Hoy en día existen otro tipo de militancias que redimensionan su actuar. El feminismo y el ecologismo se están actualizando como banderas políticas radicales y masivas gracias a sus nuevas interpelaciones a la sociedad. Ambas transitaron por momentos en que sus definiciones y militancias se aferraban a identidades e inercias; ahora sus cuestionamientos son más incisivos con los problemas comunes que padecemos y empáticos con los sujetos que los pueden solucionar —interseccionalidad, le llaman algunas teóricas del feminismo—. No estaría de más tomar estos ejemplos para buscar redimensionar al necesario activismo en las preparatorias y universidades.

Algo que no genera sospechas, pero que vale la pena recordar, es cómo los seis puntos del pliego petitorio del Consejo Nacional de Huelga (CNH) fueron efectivos al cuestionar el autoritarismo silencioso que México vivía en esos años.

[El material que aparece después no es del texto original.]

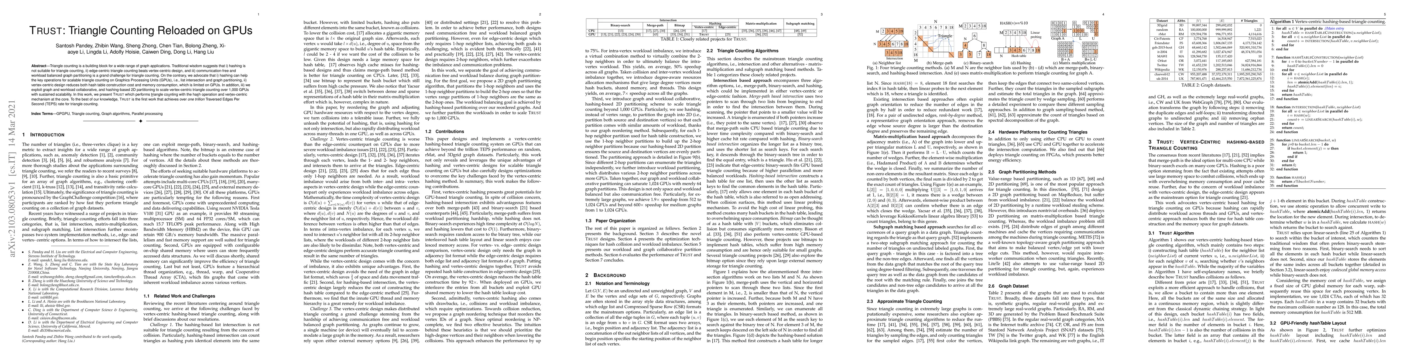 TRUST proposes a novel approach to triangle counting on GPUs using hashing and vertex-centric design to overcome traditional limitations. It achieves unprecedented scalability and performance, reaching over one trillion Traversed Edges Per Second (TEPS).

La mejor comprobación de su eficacia fue la simpatía que recibieron los estudiantes, cuestionando la democracia formal que se vendía y anhelando lo que José Revueltas conceptualizó como una democracia sustantiva. Creo que, como lo expresa Rafael Mondragón en su texto sobre la educación, la escuela todavía es un espacio social capaz de urdir ese tipo de utopías y restablecer el tejido comunitario.

Las “acciones directas” del último 2 de octubre se preocuparon poco por la empatía social y priorizaron la satisfacción individual, simbólica y efectista. Los impulsos detrás podrían estar emparentados con la senda new age que asimiló el impulso del 68; en este caso, bajo la compulsión de visibilidad y consumo en las plataformas digitales y azuzados por la presencia de medios de comunicación. La conmemoración del movimiento estudiantil y popular de 1968 acabó en verdadera farsa cuando un gobierno —que se niega a reconocer sus funciones de Estado—, colocó a burócratas de la ciudad de México como escudos humanos entre los encapuchados y sus blancos de piedra y cristal.

Todos tenemos el derecho a sospechar sobre los derroteros que ha seguido el espíritu del 68: una actitud sana de la izquierda es la revisión crítica de sus símbolos e inercias. Sin embargo, hoy que se da una situación inusitada en la que, tanto gobierno como manifestantes asumen al movimiento estudiantil como parte de su patrimonio militante, bien haríamos en revisar sin cortapisas qué estamos haciendo con el espacio público y el derecho a protestar que esa generación ganó y nos legó.